=== Section Start ===

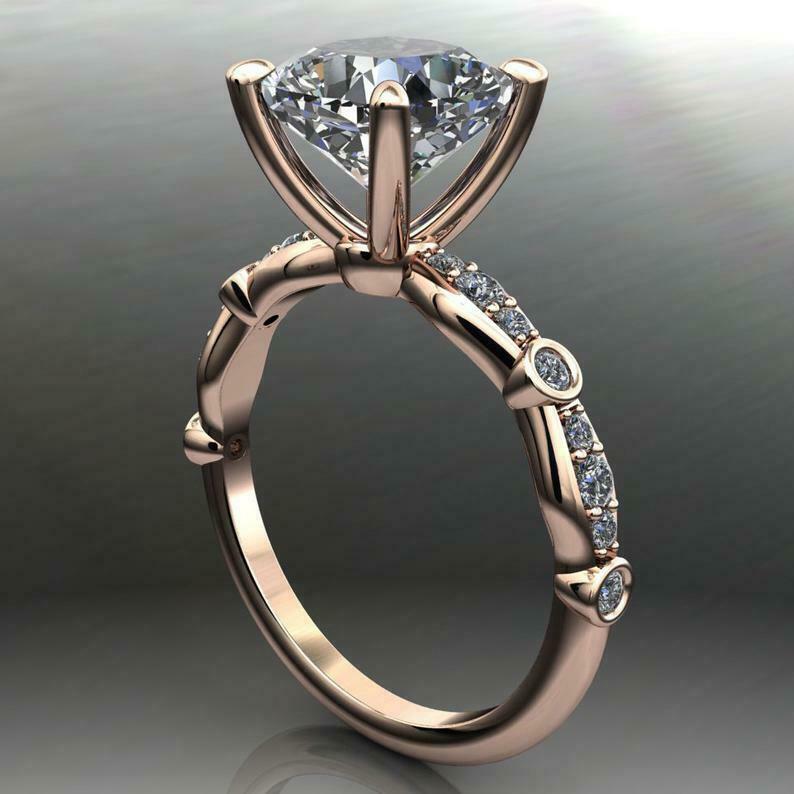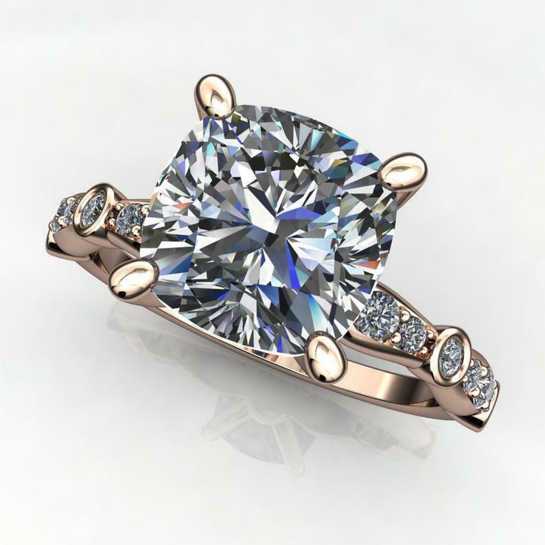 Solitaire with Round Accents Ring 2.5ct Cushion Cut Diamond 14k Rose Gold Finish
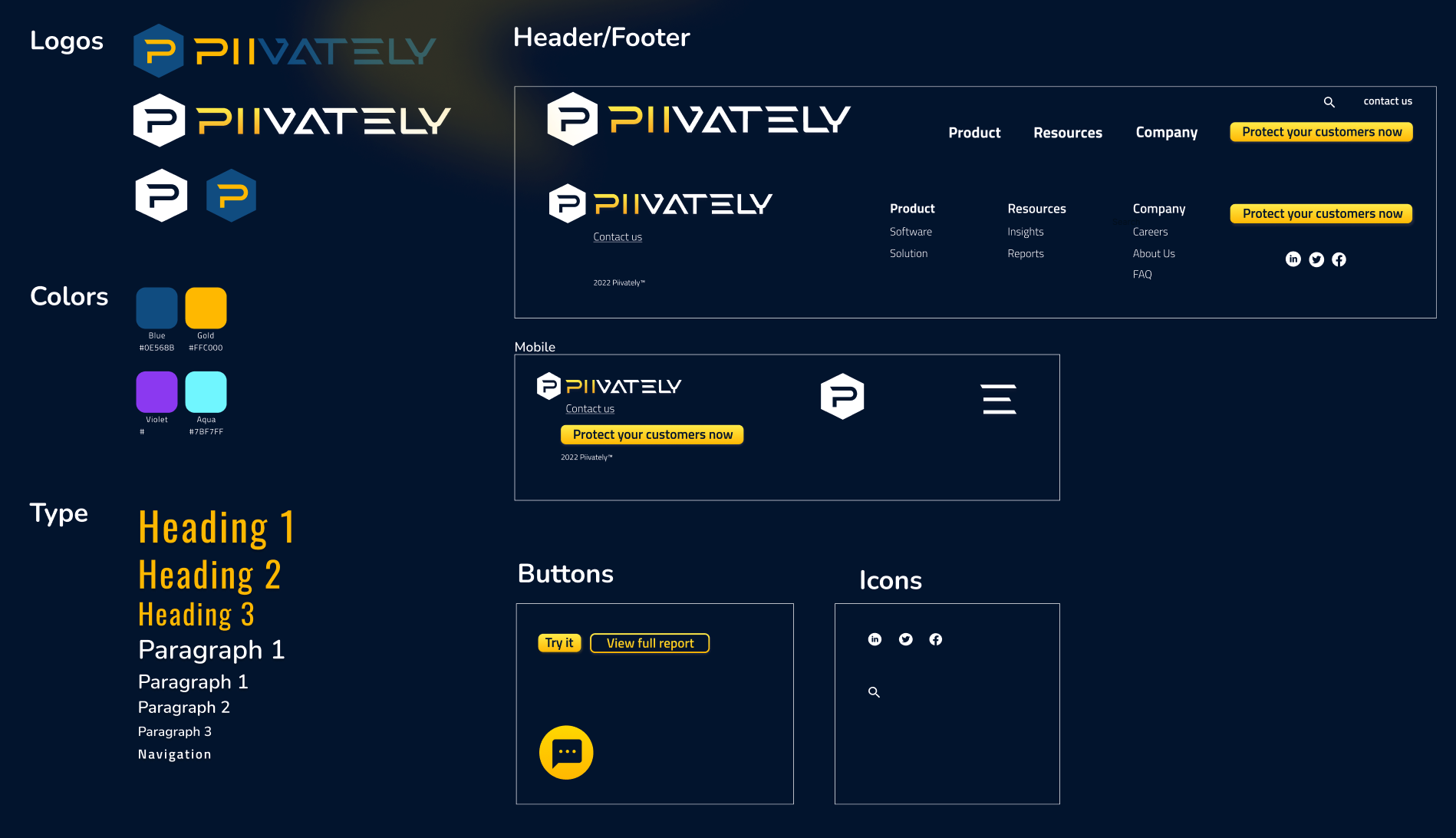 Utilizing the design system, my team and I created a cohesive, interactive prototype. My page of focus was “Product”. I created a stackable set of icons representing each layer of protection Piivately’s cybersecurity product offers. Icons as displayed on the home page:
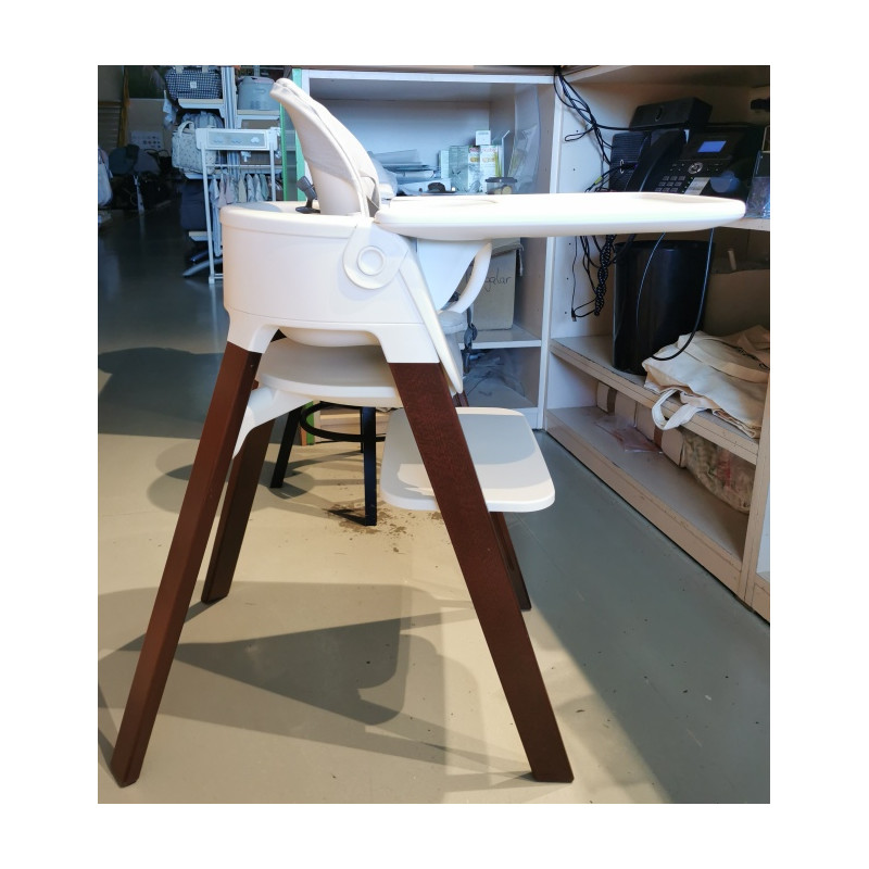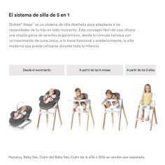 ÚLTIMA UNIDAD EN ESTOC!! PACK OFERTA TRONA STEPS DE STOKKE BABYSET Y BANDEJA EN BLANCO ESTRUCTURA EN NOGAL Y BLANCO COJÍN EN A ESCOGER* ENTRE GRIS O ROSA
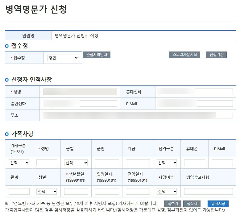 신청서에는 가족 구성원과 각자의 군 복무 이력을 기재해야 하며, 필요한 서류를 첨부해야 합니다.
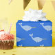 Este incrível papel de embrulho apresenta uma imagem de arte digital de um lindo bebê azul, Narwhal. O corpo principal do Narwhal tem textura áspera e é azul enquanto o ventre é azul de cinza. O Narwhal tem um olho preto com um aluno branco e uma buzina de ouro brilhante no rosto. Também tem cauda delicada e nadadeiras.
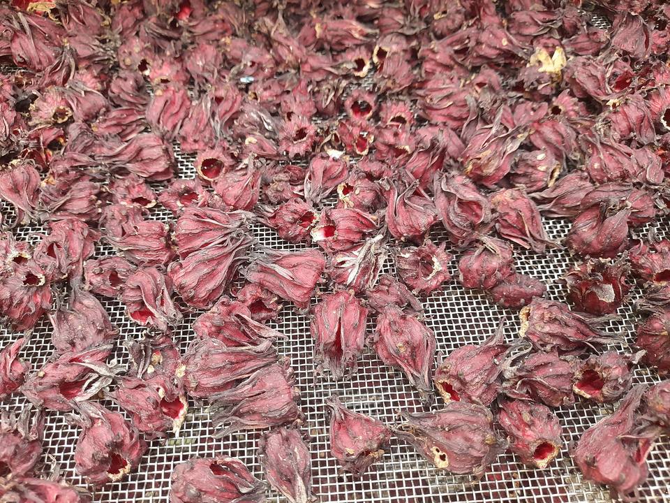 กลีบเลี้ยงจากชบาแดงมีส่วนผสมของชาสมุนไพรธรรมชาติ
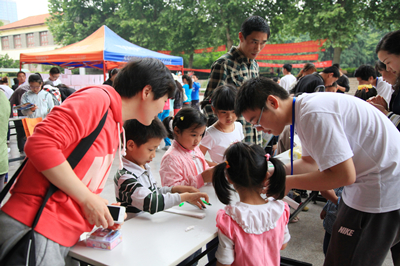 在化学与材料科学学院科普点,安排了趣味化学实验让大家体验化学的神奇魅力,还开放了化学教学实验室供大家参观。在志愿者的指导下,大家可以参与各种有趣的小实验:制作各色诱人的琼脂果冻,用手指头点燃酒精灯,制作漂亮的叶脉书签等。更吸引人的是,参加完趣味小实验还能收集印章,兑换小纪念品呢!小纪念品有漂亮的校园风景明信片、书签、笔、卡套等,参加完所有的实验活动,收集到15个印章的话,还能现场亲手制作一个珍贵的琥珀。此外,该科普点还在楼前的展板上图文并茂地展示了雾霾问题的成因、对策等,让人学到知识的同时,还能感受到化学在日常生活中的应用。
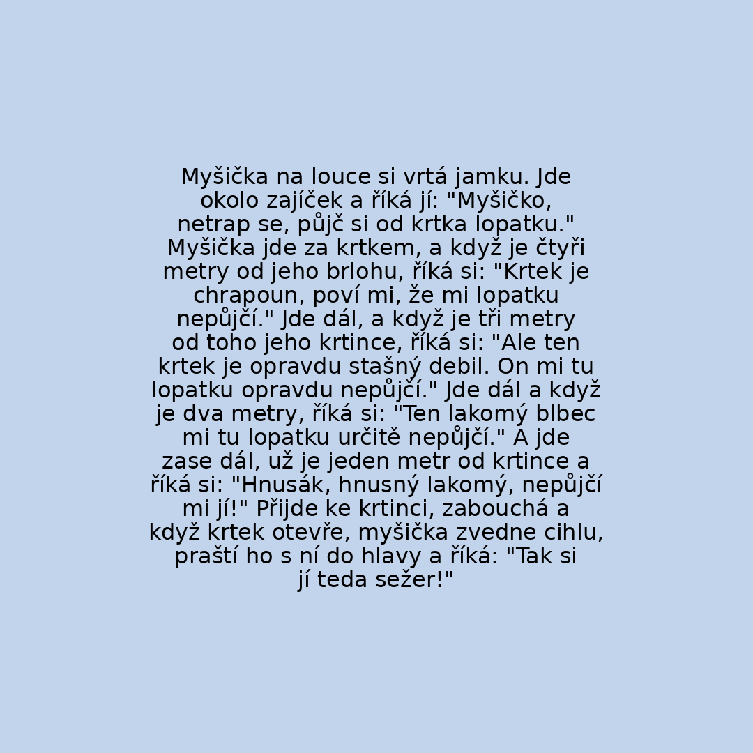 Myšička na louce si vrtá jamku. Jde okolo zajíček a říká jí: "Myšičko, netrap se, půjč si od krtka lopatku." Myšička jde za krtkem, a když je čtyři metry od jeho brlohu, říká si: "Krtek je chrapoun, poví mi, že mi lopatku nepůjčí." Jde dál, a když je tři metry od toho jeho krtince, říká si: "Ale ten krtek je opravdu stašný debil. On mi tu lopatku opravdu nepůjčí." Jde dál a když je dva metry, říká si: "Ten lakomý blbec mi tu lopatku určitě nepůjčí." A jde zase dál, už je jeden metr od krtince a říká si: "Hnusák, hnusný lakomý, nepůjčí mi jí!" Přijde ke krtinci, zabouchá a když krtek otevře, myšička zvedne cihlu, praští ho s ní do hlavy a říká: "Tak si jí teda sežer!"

=== Section End ===

Work order:
Starting at the line above that contains "Este incrível papel", transcribe every line exactly through the line that contains "在化学与材料科学学院科普点,安排了趣味化", including that last one, and skip the pictures.

Answer box:
 Este incrível papel de embrulho apresenta uma imagem de arte digital de um lindo bebê azul, Narwhal. O corpo principal do Narwhal tem textura áspera e é azul enquanto o ventre é azul de cinza. O Narwhal tem um olho preto com um aluno branco e uma buzina de ouro brilhante no rosto. Também tem cauda delicada e nadadeiras.
 กลีบเลี้ยงจากชบาแดงมีส่วนผสมของชาสมุนไพรธรรมชาติ
 在化学与材料科学学院科普点,安排了趣味化学实验让大家体验化学的神奇魅力,还开放了化学教学实验室供大家参观。在志愿者的指导下,大家可以参与各种有趣的小实验:制作各色诱人的琼脂果冻,用手指头点燃酒精灯,制作漂亮的叶脉书签等。更吸引人的是,参加完趣味小实验还能收集印章,兑换小纪念品呢!小纪念品有漂亮的校园风景明信片、书签、笔、卡套等,参加完所有的实验活动,收集到15个印章的话,还能现场亲手制作一个珍贵的琥珀。此外,该科普点还在楼前的展板上图文并茂地展示了雾霾问题的成因、对策等,让人学到知识的同时,还能感受到化学在日常生活中的应用。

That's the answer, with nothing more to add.